An Evaluation of Different Clustering Methods and Distance Measures Used for Grouping Metabolic Pathways

Printer-friendly versionSend by email
Conference Proceedings (fully refereed)
Kim, S., Peña, M., Moll, M., Giannakopoulos, G., Bennett, G., Kavraki, L.
Large-scale annotated metabolic databases, such as KEGG and MetaCyc, provide a wealth of information to researchers designing novel biosynthetic pathways. However, many metabolic pathfinding tools that assist in identifying possible solution pathways fail to facilitate the grouping and interpretation of these pathway results. Clustering possible solution pathways can help users of pathfinding tools quickly identify major patterns and unique pathways without having to sift through individual results one by one.
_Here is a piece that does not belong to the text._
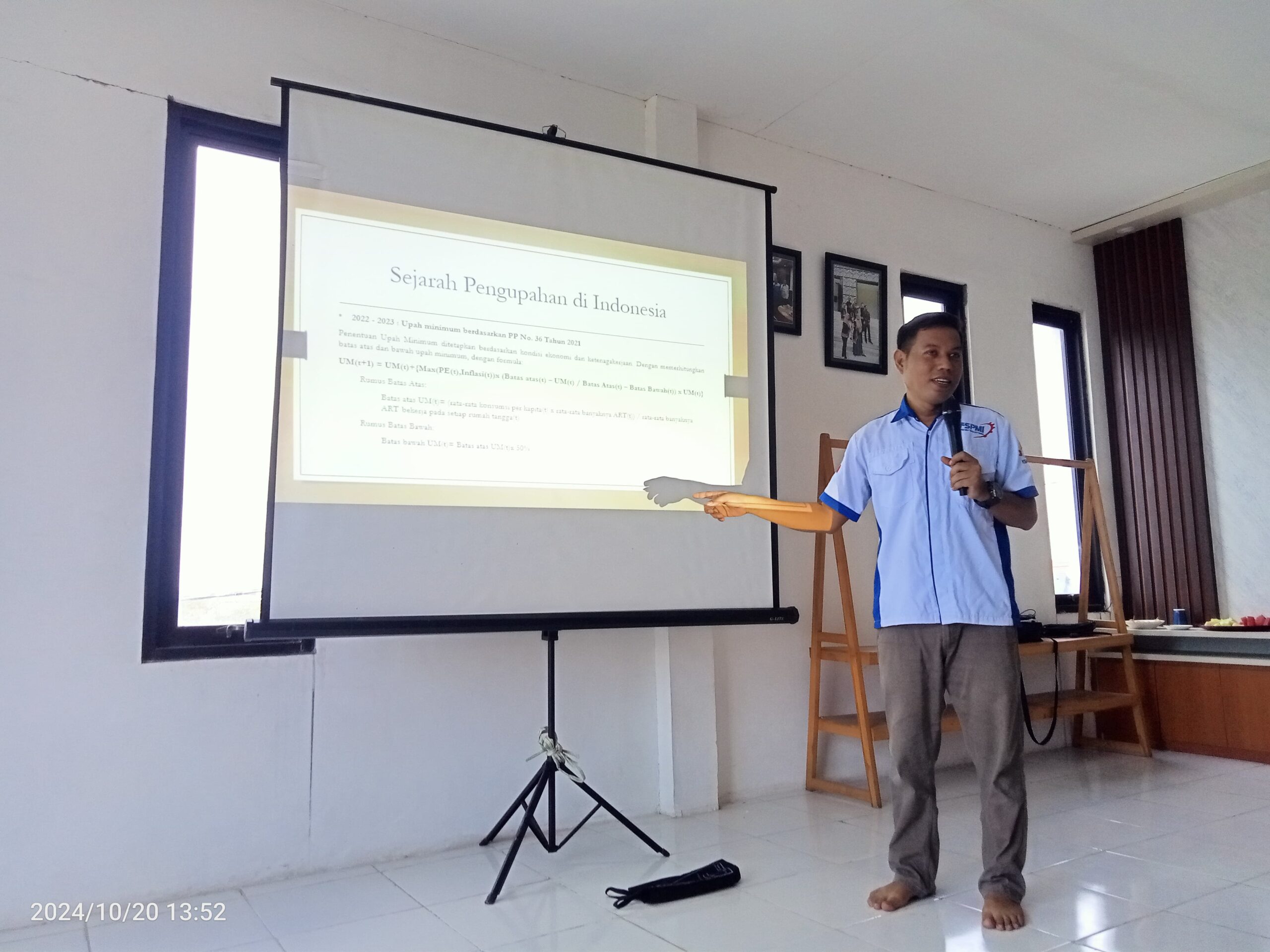 Materi yang disampaikan meliputi berbagai aspek penting terkait pengupahan. Pertama, peserta diajak memahami pengertian upah secara mendalam serta sejarah pengupahan di Indonesia, yang menjadi konteks penting dalam diskusi ini. Selanjutnya, Fery Andrianto memaparkan konsep Konfederasi Serikat Pekerja Indonesia (KSPI) dalam penetapan upah minimum untuk tahun 2025. Materi ini sangat relevan, mengingat adanya perubahan kebijakan yang perlu dipahami oleh anggota.

In this paper, we assess the ability of three separate clustering methods (hierarchical, k-means, and k-medoids) along with three pair-wise distance measures (Levenshtein, Jaccard, and n-gram) to expertly group lysine, isoleucine, and 3-hydroxypropanoic acid (3-HP) biosynthesis pathways. The quality of the resulting clusters were quantitatively evaluated against expected pathway groupings taken from the literature. Hierarchical clustering and Levenshtein distance seemed to best match external pathway labels across the three biosynthesis pathways. The lysine biosynthesis pathways, which had the most distinct separation of pathways, had better quality clusters than isoleucine and 3-HP, suggesting that grouping pathways with more complex underlying topologies may require more tailored clustering methods.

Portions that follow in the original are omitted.